Unnamed: 0,Ticker,Annualized Return
0,DIS,0.10924
1,TSLA,0.465565
2,XLB,0.087341
3,BAC,0.118901
4,RDFN,0.308026
5,PFE,0.077934


Tesla and Redfin have the highest annualized log return at 46.6% and 30.8% respectively.

### Variance & Standard Dev Analysis

In [524]:
var_table = log_return_df.var().reset_index()
var_table = var_table.rename(columns = {'index':'Ticker', 0:'Variance'})
var_table.sort_values('Variance', ascending = False)
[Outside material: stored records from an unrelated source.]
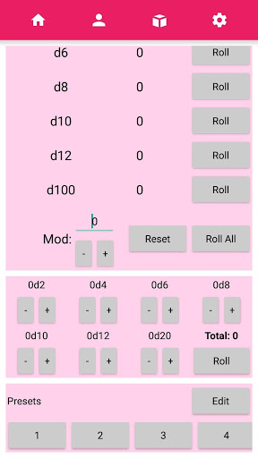 - Up to ten customizable presets allow even quicker rolling of dice combinations.
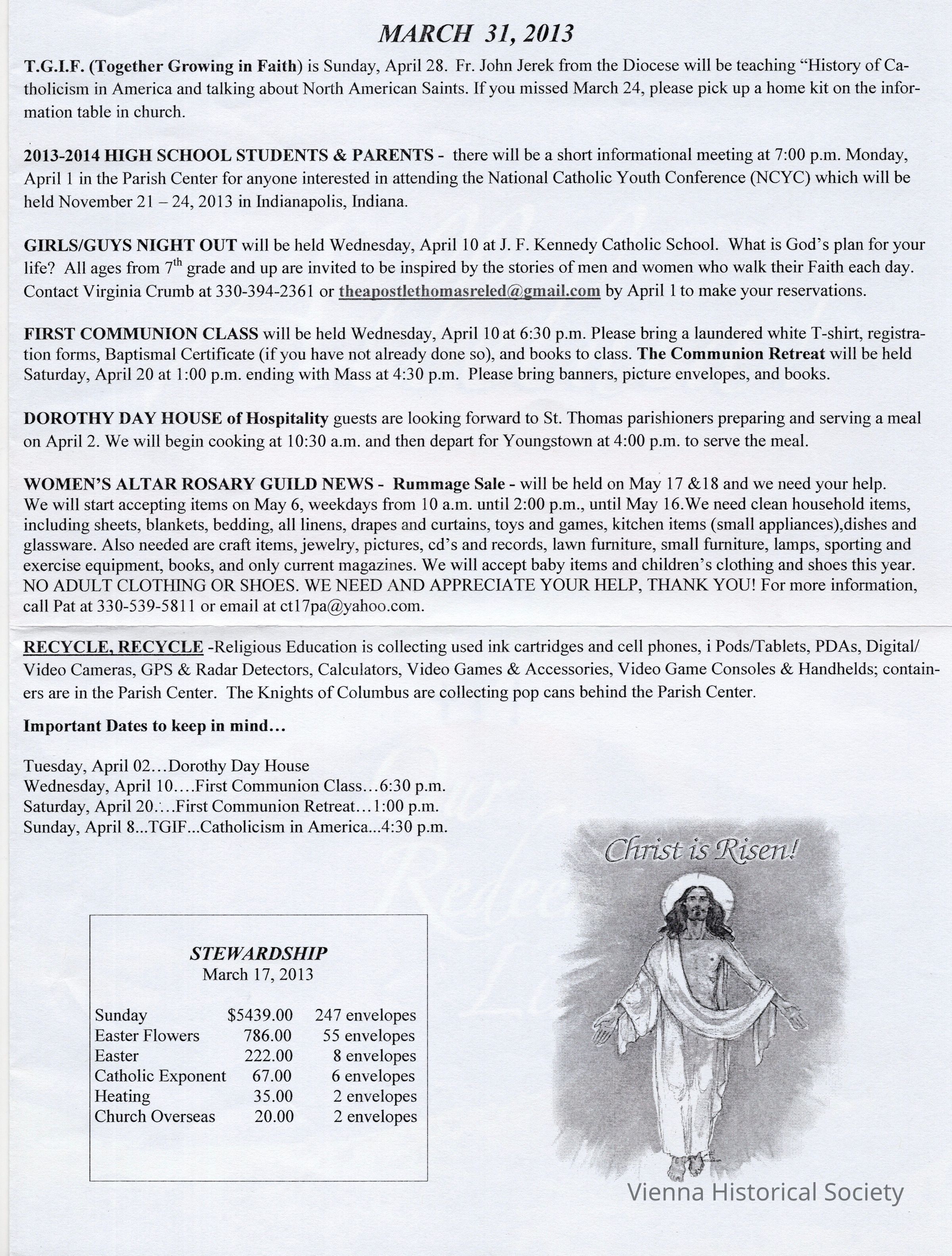 St. Thomas the Apostle Church Bulletin, March 31, 2013Collection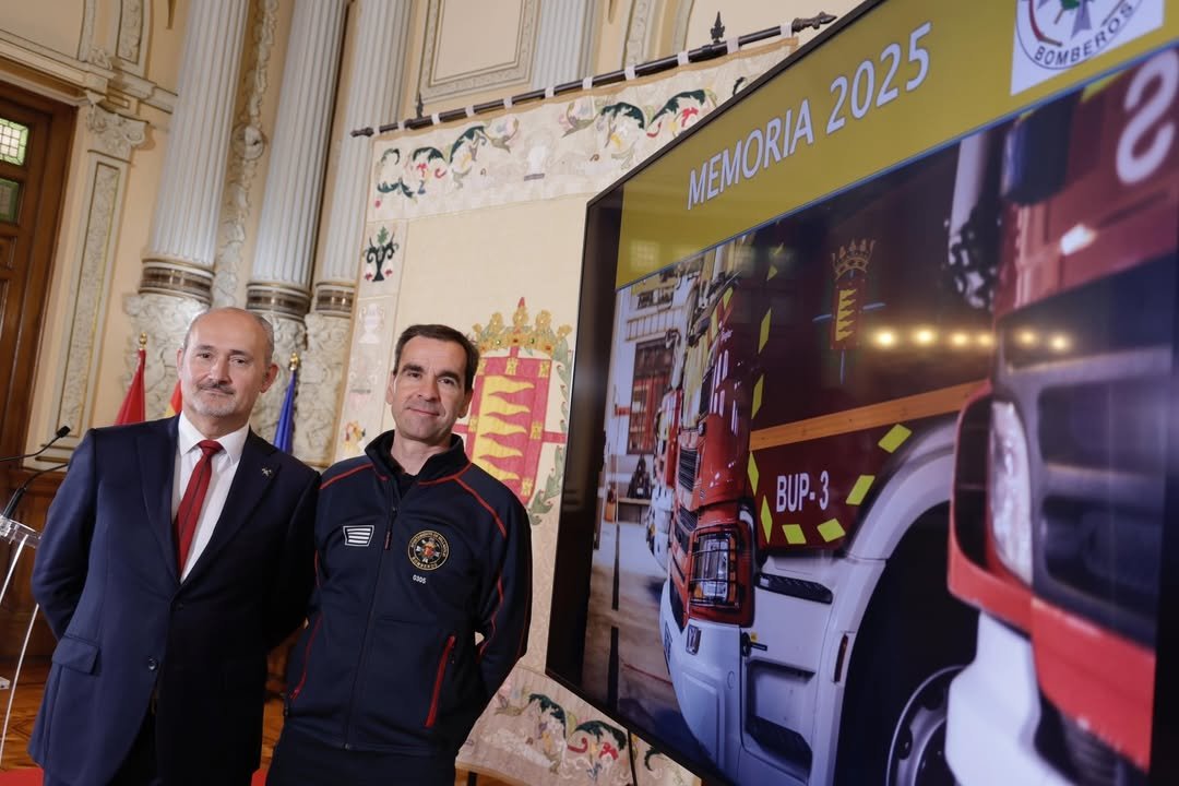 El concejal de Salud Pública y Seguridad Ciudadana, Alberto Cuadrado, y el director del Servicio de Extinción de Incendios, Salvamento y Protección Civil, Javier Reinoso, presentaron la Memoria anual 2025.

Unnamed: 0,Ticker,Variance
4,RDFN,0.022153
1,TSLA,0.019474
3,BAC,0.005902
0,DIS,0.003925
2,XLB,0.002325
5,PFE,0.002165


In [525]:
std_table = log_return_df.std().reset_index()
std_table = std_table.rename(columns = {'index':'Ticker', 0:'Std Dev'})
std_table.sort_values('Std Dev', ascending = False)

Unnamed: 0,Ticker,Std Dev
4,RDFN,0.148837
1,TSLA,0.139551
3,BAC,0.076825
0,DIS,0.062647
2,XLB,0.048213
5,PFE,0.046525


In [526]:
log_r_mean = log_return_df.mean().reset_index()
log_r_mean = log_r_mean.rename(columns = {'index':'Ticker', 0:'Mean'})
log_r_mean.sort_values('Mean', ascending = False)

Unnamed: 0,Ticker,Mean
1,TSLA,0.038797
4,RDFN,0.025669
3,BAC,0.009908
0,DIS,0.009103
2,XLB,0.007278
5,PFE,0.006495


Redfin and Tesla both have high returns; however, both are highly risky investments with a standard deviation of 14.9% and 14.0%, respectively.